Experimental results on the Booster T1 robot demonstrate robust omnidirectional walking, terrain adaptability, and rapid recovery from disturbances.

This paper introduces Booster Gym (2506.15132), an open-source, end-to-end reinforcement learning framework designed specifically for humanoid robot locomotion. The framework aims to simplify the process of training motion policies in simulation and deploying them successfully onto real-world robots, addressing the persistent challenge of the sim-to-real gap.

Booster Gym provides a complete pipeline covering training, testing, and deployment. It incorporates common RL training methods like Proximal Policy Optimization (PPO), robust domain randomization techniques, structured reward function design, and practical solutions for handling robot-specific mechanical challenges, such as parallel structures in ankles. The framework is validated on the Booster T1 humanoid robot, demonstrating capabilities like omnidirectional walking, disturbance resistance, and terrain adaptability through zero-shot transfer from simulation.

Framework Architecture and Implementation:

The framework utilizes an asymmetric actor-critic (AAC) architecture, where the actor policy $\pi_\theta(\boldsymbol{a}_t|\boldsymbol{o}_t)$ operates on partial observations $\boldsymbol{o}_t$ (available on the real robot), while the critic value function $V_\theta(\boldsymbol{s}_t)$ uses the full state $\boldsymbol{s}_t$ (available only in simulation). PPO is used for training.
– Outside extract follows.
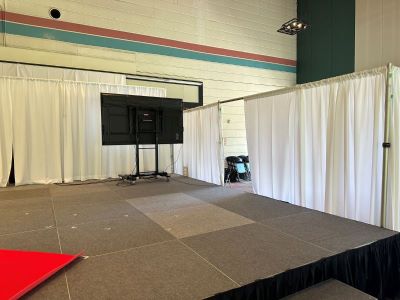 先日、弊社経営方針発表会で登場カーテンの施工をしてきました。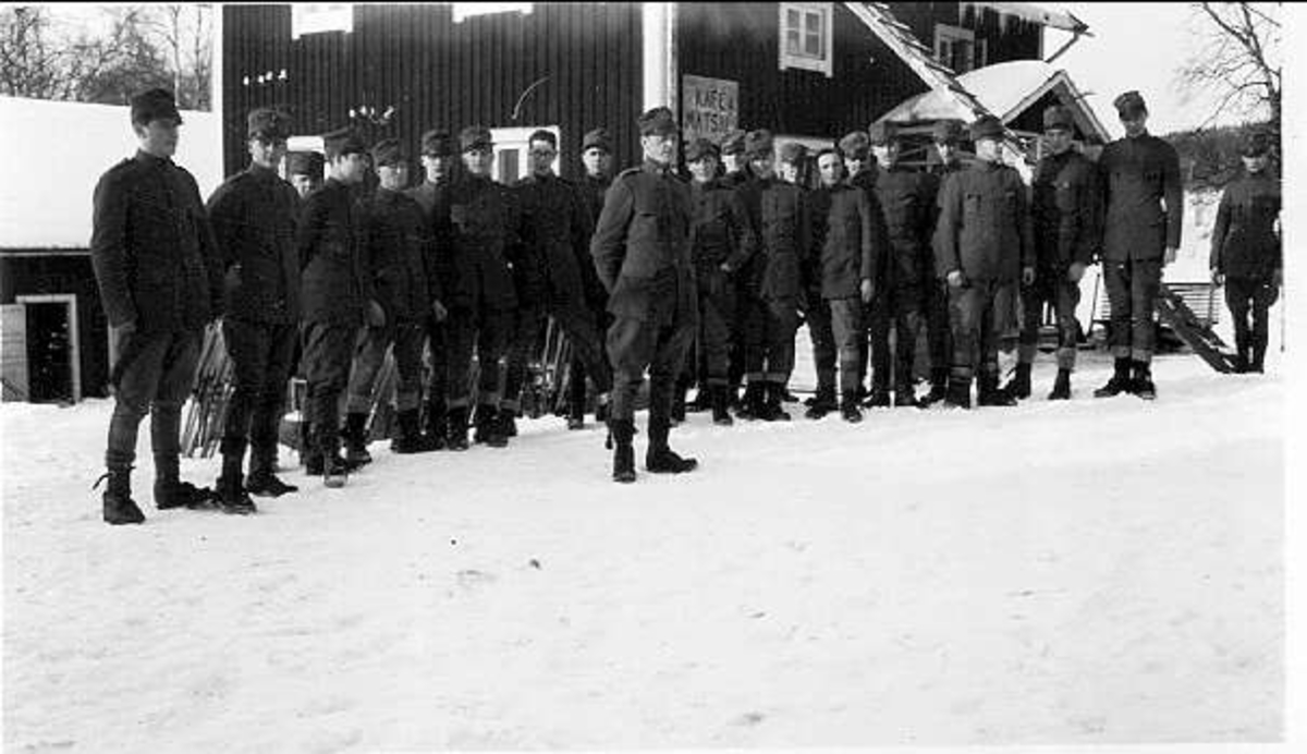 Officersaspirantskolan vid K 3 i Skövde 1929-30. Vinterövningar i Duved 1930, aspirantskolan samlad utanför förläggningen.

Observation Space: The actor observation $\boldsymbol{o}_t$ includes proprioceptive data (base angular velocity, gravity vector, joint positions and velocities), the previous action $\boldsymbol{a}_{t-1}$ , desired velocity commands $(v_x, v_y, \omega_{\text{yaw}})$ , and a gait cycle signal $(\cos(2\pi ft), \sin(2\pi ft))$ . The critic receives all actor observations plus privileged information like body mass, CoM, base linear velocity, base height, push force/torque (Table I).
Action Space: The policy outputs joint position offsets $\boldsymbol{a}_t$ . Desired joint positions are calculated as $\boldsymbol{q}_{\text{des}} = \boldsymbol{q}_0 + \boldsymbol{a}_t$ , where $\boldsymbol{q}_0$ are default joint positions. These desired positions are sent to the robot's motors, which use an internal PD controller to compute torque commands $\boldsymbol{\tau}_{\text{des}} = \boldsymbol{k}_p(\boldsymbol{q}_{\text{des}} - \boldsymbol{q}) - \boldsymbol{k}_d \dot{\boldsymbol{q}}$ . The policy runs at 50 Hz, while the motor PD controller runs at a higher frequency for stability.
Reward Function: The reward is a weighted sum of components (Table II) designed to encourage desired behaviors. Key components include:
- Tracking Rewards: For following linear and angular velocity commands. Curriculum learning is used to gradually increase command difficulty.
- Gait Rewards: Encouraging periodic leg movement, using foot height relative to the ground (due to simulation limitations) rather than contact forces.
- Regularization Rewards: Penalizing undesirable states like excessive torso tilt, high torque, power consumption, joint velocity/acceleration, base acceleration, action rate, joint limits, and collisions. Penalties for foot slip, foot yaw/roll alignment, and foot distance are also included.
- Survival Reward: A small constant reward for staying alive.
Episode Design: Episodes last up to 1500 steps (30s) but can terminate early if the robot falls (low base height or high velocity). Rewards are structured to avoid incentivizing early termination.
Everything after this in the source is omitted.